(Records to process Opens)

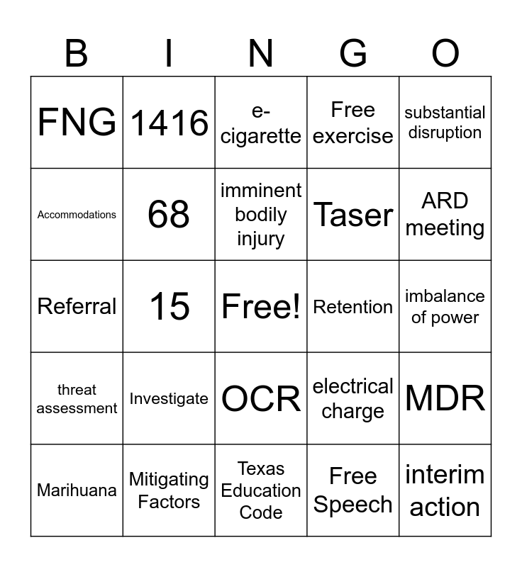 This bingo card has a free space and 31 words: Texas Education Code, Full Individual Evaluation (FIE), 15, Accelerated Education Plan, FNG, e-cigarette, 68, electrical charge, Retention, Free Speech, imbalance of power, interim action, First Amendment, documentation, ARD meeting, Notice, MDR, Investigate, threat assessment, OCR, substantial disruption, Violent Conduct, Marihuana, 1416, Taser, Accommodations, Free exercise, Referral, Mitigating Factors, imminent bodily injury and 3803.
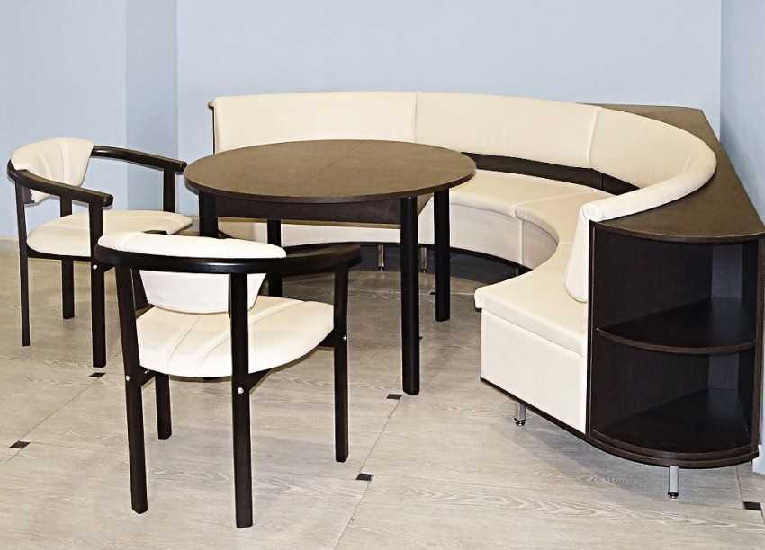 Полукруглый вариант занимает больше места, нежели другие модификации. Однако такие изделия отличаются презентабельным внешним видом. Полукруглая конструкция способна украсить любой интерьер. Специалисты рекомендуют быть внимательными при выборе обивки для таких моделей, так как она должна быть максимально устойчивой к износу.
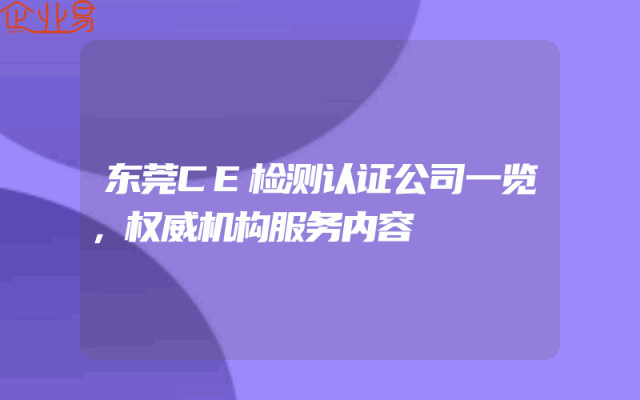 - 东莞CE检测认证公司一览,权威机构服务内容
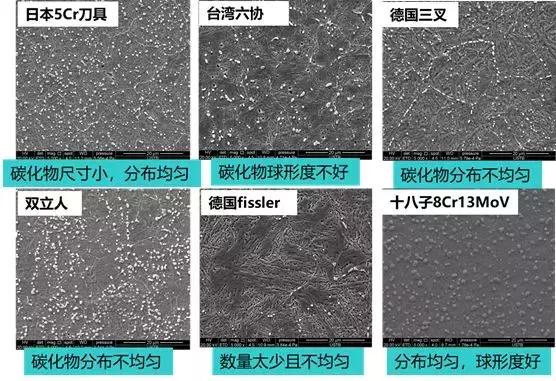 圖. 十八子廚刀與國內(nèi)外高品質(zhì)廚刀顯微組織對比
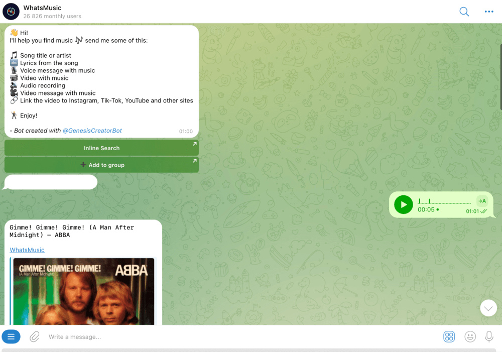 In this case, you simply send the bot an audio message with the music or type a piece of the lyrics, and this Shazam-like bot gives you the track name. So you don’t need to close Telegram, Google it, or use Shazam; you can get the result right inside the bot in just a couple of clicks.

(Records to process Closes)

### Task details
Print the data above exactly, minus pictures.

### Answer to the exercise
 This bingo card has a free space and 31 words: Texas Education Code, Full Individual Evaluation (FIE), 15, Accelerated Education Plan, FNG, e-cigarette, 68, electrical charge, Retention, Free Speech, imbalance of power, interim action, First Amendment, documentation, ARD meeting, Notice, MDR, Investigate, threat assessment, OCR, substantial disruption, Violent Conduct, Marihuana, 1416, Taser, Accommodations, Free exercise, Referral, Mitigating Factors, imminent bodily injury and 3803.
 Полукруглый вариант занимает больше места, нежели другие модификации. Однако такие изделия отличаются презентабельным внешним видом. Полукруглая конструкция способна украсить любой интерьер. Специалисты рекомендуют быть внимательными при выборе обивки для таких моделей, так как она должна быть максимально устойчивой к износу.
 - 东莞CE检测认证公司一览,权威机构服务内容
 圖. 十八子廚刀與國內(nèi)外高品質(zhì)廚刀顯微組織對比
 In this case, you simply send the bot an audio message with the music or type a piece of the lyrics, and this Shazam-like bot gives you the track name. So you don’t need to close Telegram, Google it, or use Shazam; you can get the result right inside the bot in just a couple of clicks.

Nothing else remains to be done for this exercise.